The United Kingdom (UK) says Nigeria will get £95 million to fund Climate-Resilient Agriculture (CRA).
The government of the UK made the new commitment at the ongoing UN Climate Change Conference (COP27) in Egypt, in a statement announcing an increase in the climate adaptation budget to £1.5 billion by 2025.
CRA is a system of agriculture that uses existing natural resources through crop and livestock production systems to achieve long-term higher productivity and farm incomes under climate variabilities.
“In Nigeria, the UK will provide a £95 million investment to support the development of climate-resilient agriculture programmes, for example through scaling up heat-tolerant crop varieties,” the statement reads.
“The funding will support more than 4 million people, including 2 million women, to increase productivity while reducing emissions.”

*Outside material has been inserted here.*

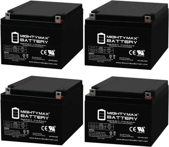 ML26-12 SLA is a 12V 26AH Sealed Lead Acid (SLA) rechargeable maintenance free battery, Pack of 4 - UL Certified
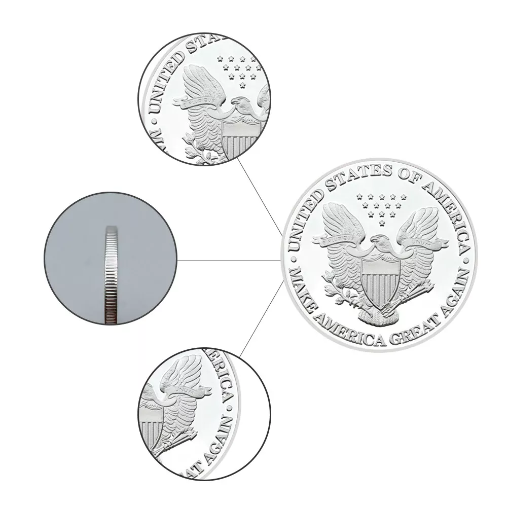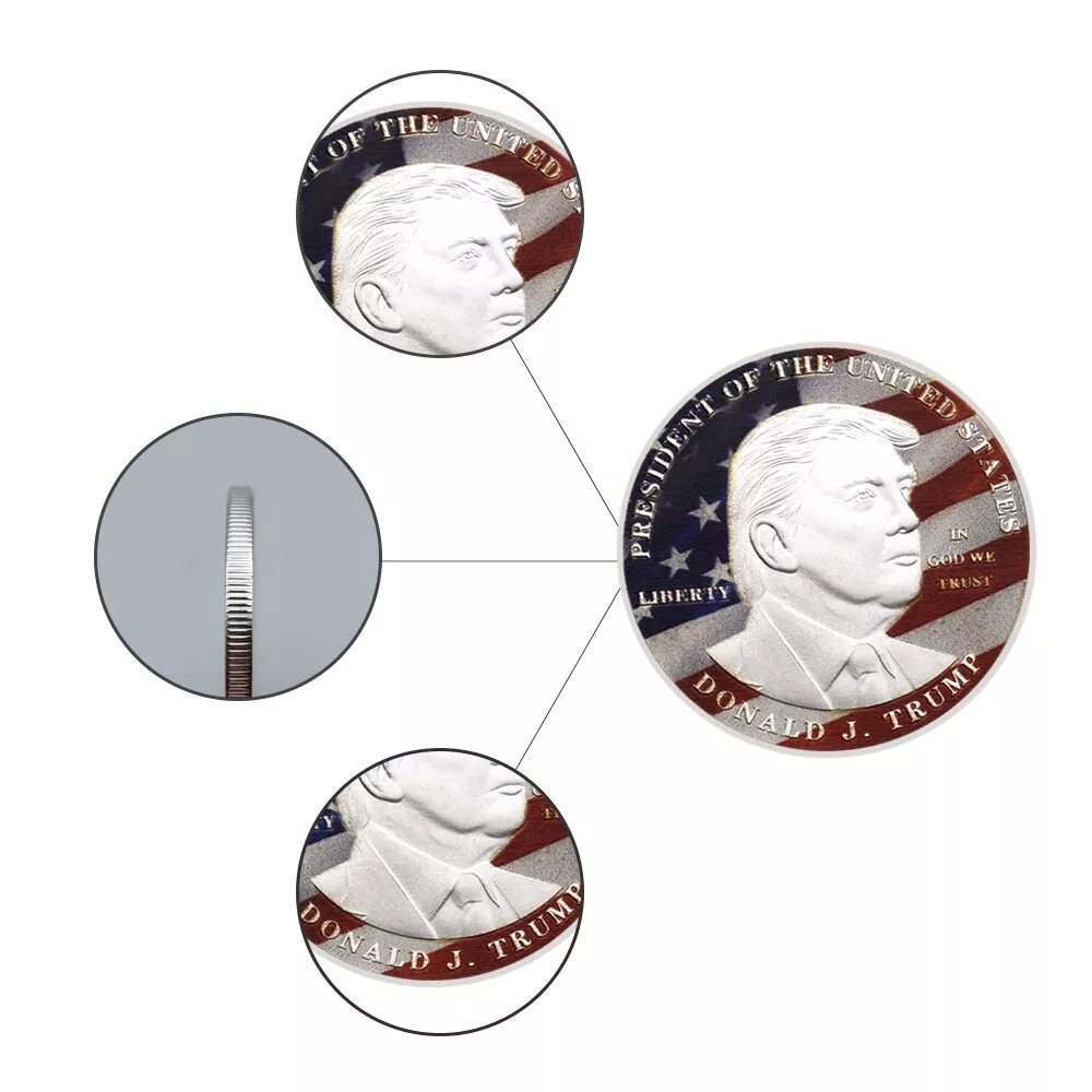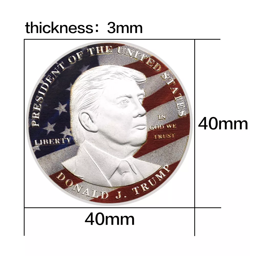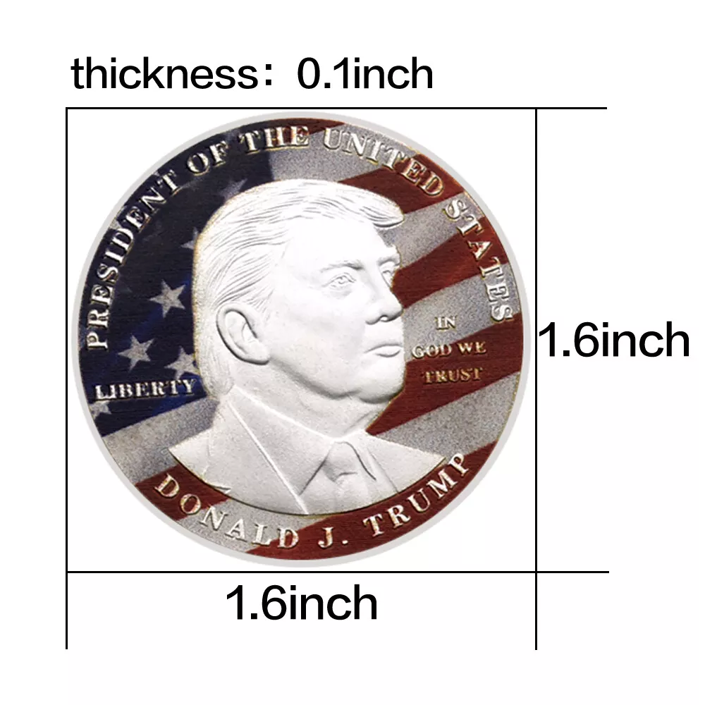 10pcs President of The United States Donald Trump Challenge Coin Ornament Medal This commemorative coin is specially designed and produced to celebrate Donald J. Trump's presidency of the United States. The obverse features a profile portrait of President Trump, with the colors of the American flag in the background, symbolizing national glory and pride. The coin also bears the words "Liberty" and "In God We Trust," embodying core American values. The reverse displays the Great Seal of the United States, featuring an eagle soaring with olive branches and arrows in its talons, symbolizing peace and strength. Surrounding it are the words "United States of America" and "Make America Great Again," expressing a vision for the nation's future. Not only does this commemorative coin have collectible value, but it also serves as a tribute and memorial to President Trump's term in office. Product Attributes: Size: 40*3mm Weight: About 300g Packaging: 10pcs Coins+10pcs Plastic Cases Technique: Plating Material: Iron Alloy Usage: Advertising gift, conference gift, festival gift, etc P r o duct Description 1. The product colors may be a bit difference as the picture showed, your understanding is appreciated. 2. Conversion : 1 inch=25.4mm or 1mm=0.0393inch. Please allow 0.1-0.3mm error due to manual measurement. 3 . We also accept wholesale or customized orders. If you need more quantity, please contact us. 4 . The coin is only gold/silver in color, not real gold/silver. Shipping Way There are three main logistics methods: economy logistics, standard logistics, and expedited logistics. 1. Economic logistics: The transportation time is about 20-75 days, and the logistics information will not be updated after the package arrives in the destination country. Thank you for your patience. If the package still hasn't arrived 50 days after shipment, please contact me and I will resend it to you or provide you with a full refund. 2. Standard logistics: The transportation time is about 8-18 days, and you can check the logistics status of the package through the tracking number. If the logistics have not been updated for a long time, please contact me, and I will help you inquire about the status of the package with the logistics company. 3. Expedited logistics: The transportation time is about 3-10 days, and the main logistics include UPS, Fed e x, DHL and TNT. * All products in the store are free shipping. If you need to upgrade the logistics, you can choose the logistics you need in the logistics options. There is a payment option for upgrading the logistics, please check carefully. Return 1. Change of mind/ Unwanted item(s) Customer can return the unwanted order(s) within 14/30 days upon receipt. Item(s) must be returned in brand new, resalable condition. 2 . Item Damaged During Transit If item has been damaged during transit, please send us clear photos of the damaged item within 48 hours upon receipt. We'll offer a replacement or issue a full refund. 3. Item Lost During Transit Tracking number will be provided once item has been shipped. If item has been confirmed lost during transportation, Please contact us, we will arrange a replacement or a refund for the confirmed lost case. Feedback 1. we depend on our customer satisfaction to succeed, Therefore, your feedback is extremely important to us. 2. If you are satisfied with our items, please leave us 5 stars feedback. 3. Pls contact us before leaving any negative or neutral feedback. we will do our best to solve the problem. Service quality * Reply your inquiry in 24 hours. * Provide you with samples or clear pictures for your reference.^_^ * Recommend similar items for you to compare with. * If you have no forwarder ,we will arrange our cooperative forwarder for you. * Solve problems for you.

UK’s foreign minister, James Cleverly, said the budget was scaled up to support developing countries facing the devastating impact of climate change, to adapt effectively.
Last year, the UK pledged £290 million at COP26 for climate adaptation projects.

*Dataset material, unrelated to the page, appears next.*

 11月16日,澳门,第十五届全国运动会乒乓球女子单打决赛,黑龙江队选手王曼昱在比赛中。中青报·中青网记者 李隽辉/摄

Speaking at COP27 on Monday, the minister said the UK was delivering on the commitments made at COP26 in Glasgow. He urged other countries to do the same.
The new budget commitment was announced in a session with the theme ‘Accelerating adaptation in Africa’, which aims to support the international community to make COP27 a critical moment for increasing climate financing in Africa.
“The Glasgow climate pact gave the world the tools to limit the rise in global temperature to 1.5 degrees and build a secure and sustainable future,” Cleverly said.
“Now is the time for all countries to step up their action on climate change and deliver the tangible change needed.
“The UK will continue to play a leading role in this mission. The funding we have announced will support countries which are facing the devastating impact of climate change, to adapt effectively.”
Cleverly said Africa would be prioritised in the climate financing commitment, adding that the UK has partnered with the African Development Bank (AfDB) to open up a new climate finance window that Africa can benefit from.
He said about £250 million has already been contributed to the window.
He tasked financial institutions with adapting their business models and bankable projects to increase climate financing for developing countries.
“There is money for adaptation but countries need to develop bankable projects to access them,” the UN boss said.